----- Dataset section
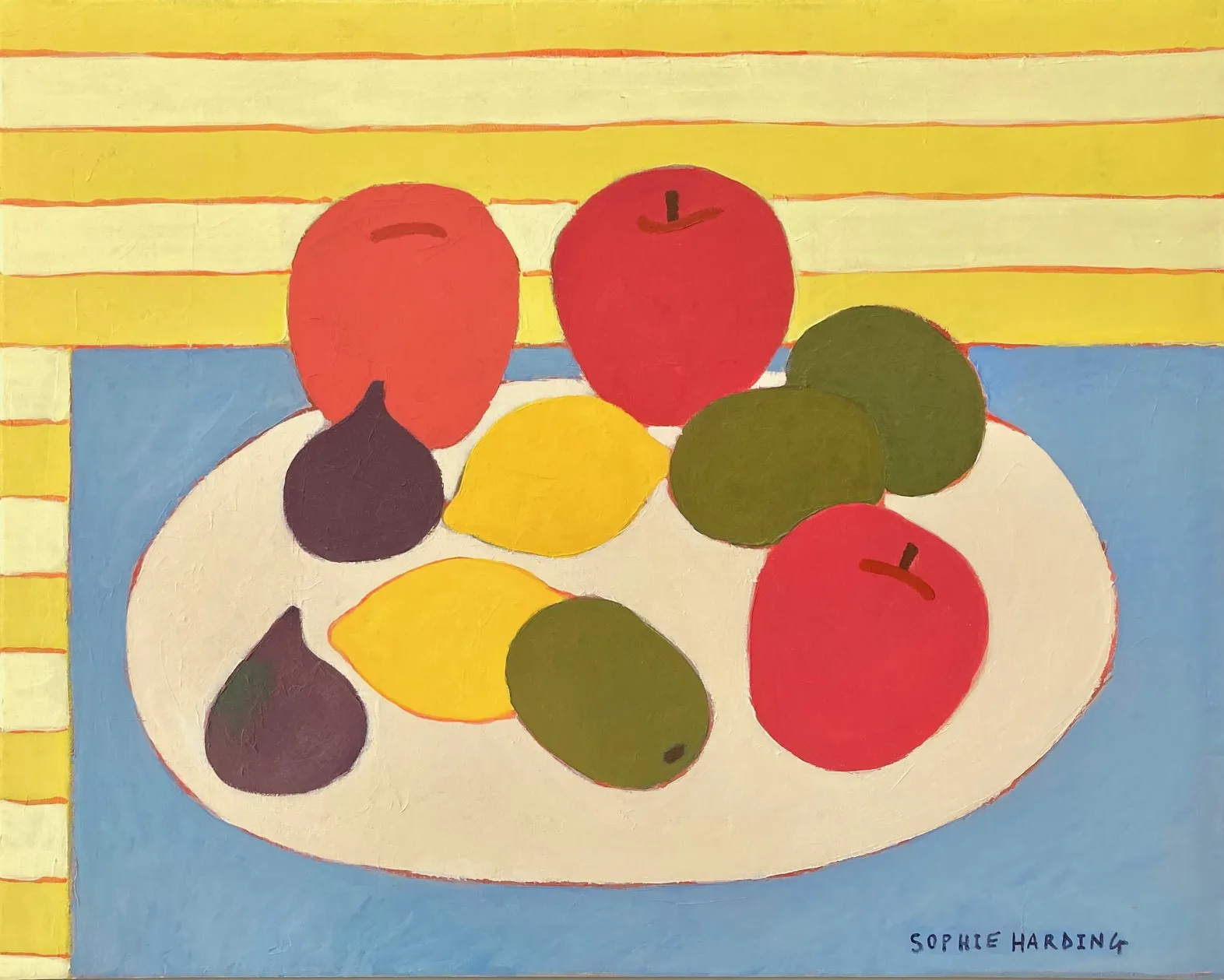There is a confident economy to Sophie's compositions that rewards close looking. Forms are reduced to their defining shapes: a jug becomes a bold silhouette, a lemon a perfect curve of saturated yellow. Backgrounds are treated as fields of colour rather than described spaces, allowing the objects themselves to hold the viewer's attention with clarity and presence. This apparent simplicity is the result of considerable skill and experience. Sophie trained in Fashion and Textile Design at Central Saint Martins and has worked as a painter, illustrator and designer for over three decades, creating imagery for clients ranging from Liberty London to Airbnb. That deep understanding of composition, pattern and the communicative power of bold, clean forms runs through every painting she makes.
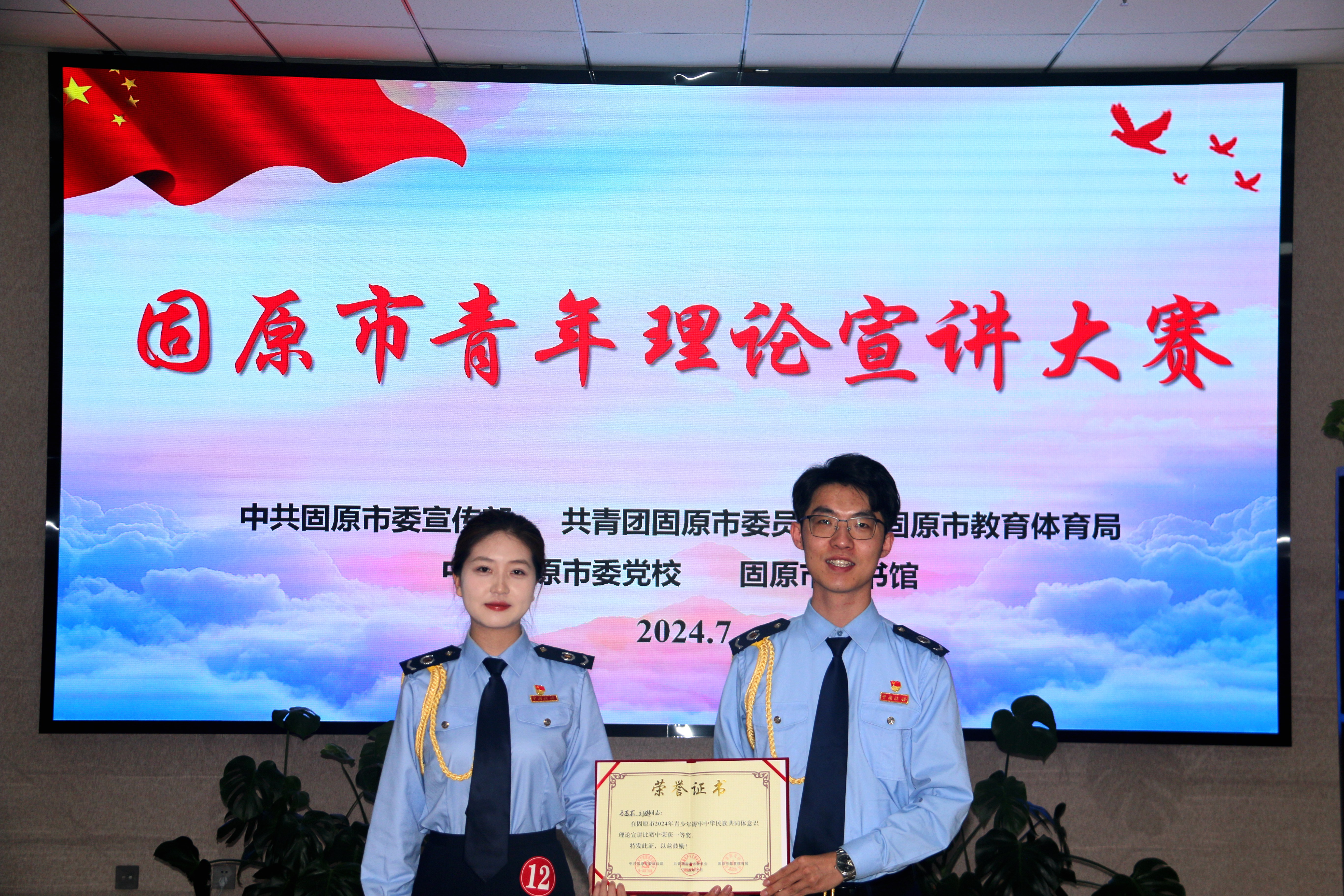 2024年7月31日下午,由中共固原市委统战部、共青团固原市委员会、固原市教育体育局联合举办的“石榴花开心向党 夯基育苗共成长”2024年固原市铸牢中华民族共同体意识理论宣讲比赛在固原市图书馆举行。经过激烈角逐,固原市税务局刘骁和马茜茹两名选手以《以湛蓝为底色 绘就民族团结新画卷》从全市20个代表队中脱颖而出,荣获一等奖。
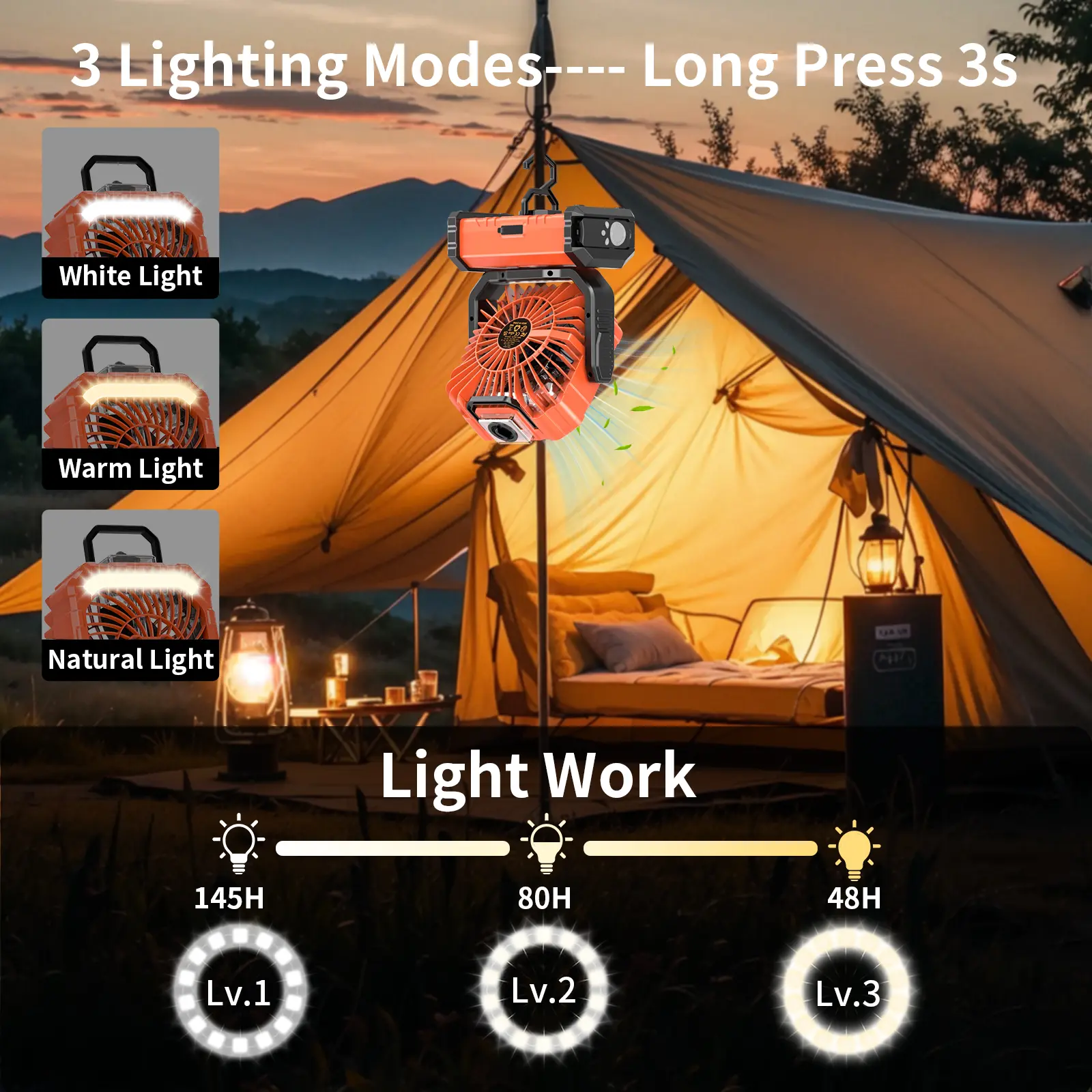 ·【Summer Gift】This camping fan is designed to perfectly blend with every occasion. On hot days, this is a great summer gift. Enjoy the cool summer anytime, anywhere.
----------
What you are asked to do: With the pictures removed, set down the entire listing exactly.

Answer:
There is a confident economy to Sophie's compositions that rewards close looking. Forms are reduced to their defining shapes: a jug becomes a bold silhouette, a lemon a perfect curve of saturated yellow. Backgrounds are treated as fields of colour rather than described spaces, allowing the objects themselves to hold the viewer's attention with clarity and presence. This apparent simplicity is the result of considerable skill and experience. Sophie trained in Fashion and Textile Design at Central Saint Martins and has worked as a painter, illustrator and designer for over three decades, creating imagery for clients ranging from Liberty London to Airbnb. That deep understanding of composition, pattern and the communicative power of bold, clean forms runs through every painting she makes.
 2024年7月31日下午,由中共固原市委统战部、共青团固原市委员会、固原市教育体育局联合举办的“石榴花开心向党 夯基育苗共成长”2024年固原市铸牢中华民族共同体意识理论宣讲比赛在固原市图书馆举行。经过激烈角逐,固原市税务局刘骁和马茜茹两名选手以《以湛蓝为底色 绘就民族团结新画卷》从全市20个代表队中脱颖而出,荣获一等奖。
 ·【Summer Gift】This camping fan is designed to perfectly blend with every occasion. On hot days, this is a great summer gift. Enjoy the cool summer anytime, anywhere.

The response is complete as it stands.